• **Exercise data**:

----------

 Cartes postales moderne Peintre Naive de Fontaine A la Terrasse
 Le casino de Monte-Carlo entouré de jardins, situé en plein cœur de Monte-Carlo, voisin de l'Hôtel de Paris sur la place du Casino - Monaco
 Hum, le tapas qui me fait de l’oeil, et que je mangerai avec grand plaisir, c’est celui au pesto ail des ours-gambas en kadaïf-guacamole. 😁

----------

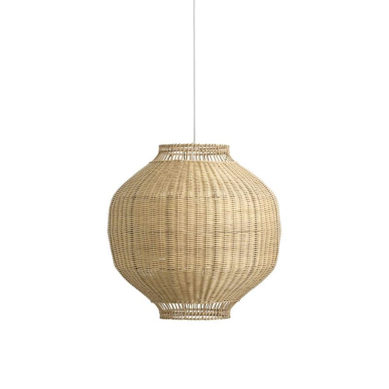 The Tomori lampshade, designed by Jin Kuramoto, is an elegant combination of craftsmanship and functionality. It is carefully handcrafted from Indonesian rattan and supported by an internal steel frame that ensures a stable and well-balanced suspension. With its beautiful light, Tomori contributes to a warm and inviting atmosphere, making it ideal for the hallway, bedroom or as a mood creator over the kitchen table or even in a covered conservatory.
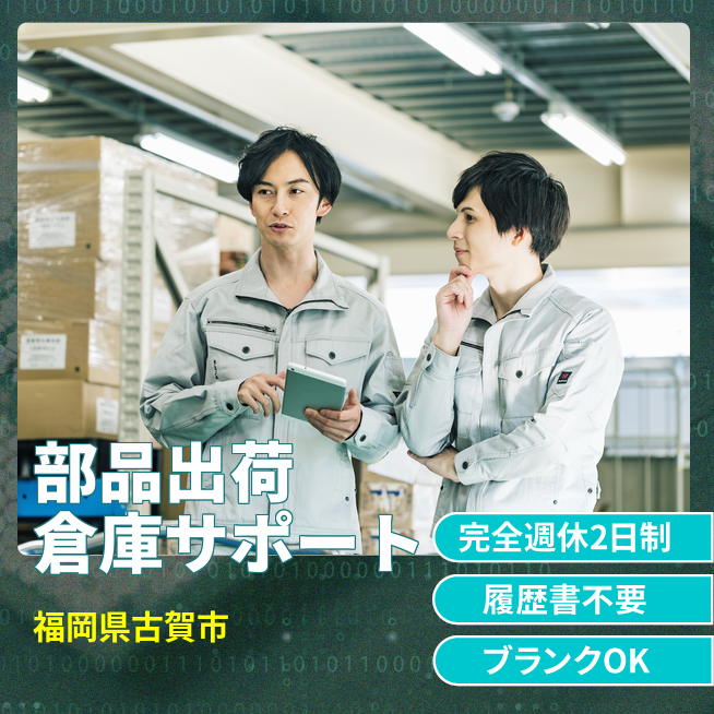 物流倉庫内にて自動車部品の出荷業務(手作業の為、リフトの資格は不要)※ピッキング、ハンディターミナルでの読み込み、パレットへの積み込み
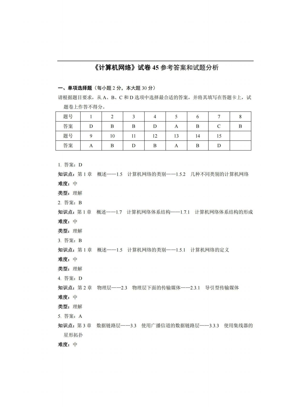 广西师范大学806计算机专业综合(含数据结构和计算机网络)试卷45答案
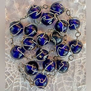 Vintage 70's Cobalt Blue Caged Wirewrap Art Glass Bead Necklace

----------

• **Work request**: Could you retype exactly the lines above, starting at the line that contains "Le casino de" and ending at the line that contains "Hum, le tapas", and nothing more?

• **Solution to this task**:
 Le casino de Monte-Carlo entouré de jardins, situé en plein cœur de Monte-Carlo, voisin de l'Hôtel de Paris sur la place du Casino - Monaco
 Hum, le tapas qui me fait de l’oeil, et que je mangerai avec grand plaisir, c’est celui au pesto ail des ours-gambas en kadaïf-guacamole. 😁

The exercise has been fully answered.